Я взлетел на мост и принялся звать Лейлу звуками, доступным только нашему слуху. Ответа не последовало. Попытался высмотреть ее в толпе спасающихся бегством людей, надеясь среди светло-розовой человеческой оравы заметить темно-янтарное свечение ее ауры. Напрасно. Я так и не увидел ничего, кроме объятых безумием светляков и полчищ завывающих полутрупов. То был первый раз, когда на меня нахлынуло это необычайно сильное и давным-давно позабытое чувство. Его нельзя назвать тревогой; что такое тревога, я прекрасно знаю.
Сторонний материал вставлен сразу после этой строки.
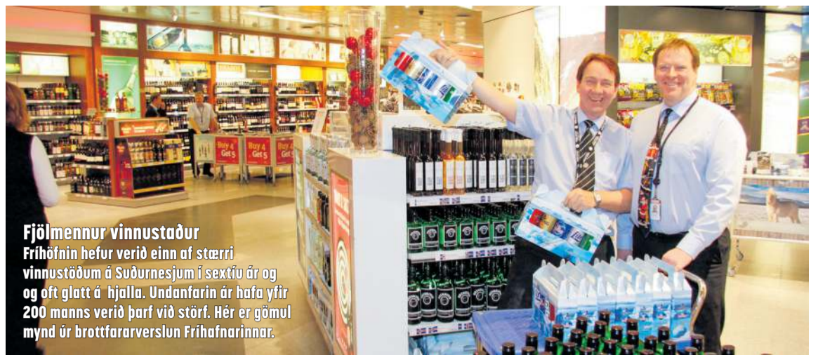
Fjölmenur vinnustaður Fríhöfnin hefur verið einn af stærri vinnustöðum á Suðurnesjum í sextíu ár og oft glatt á hjalla. Undanfarin ár hafa yfir 200 manns verið þarf við störf. Hér er gömul mynd úr brottfararverslun Fríhafnarinnar.

Тревога возникает при появлении потенциальной угрозы – огня, солнечного света или эволюции людей в новый подвид биомеханических существ. Возникшее ощущение не было тревогой, да и вообще не было результатом определенной мысли. Во мне словно проснулся какой-то древний первобытный инстинкт и завладел мной без остатка. Я не испытывал ничего подобного с тех самых пор, как мое сердце перестало биться несколько веков назад. Чувство было чисто человеческим. Это был ужас.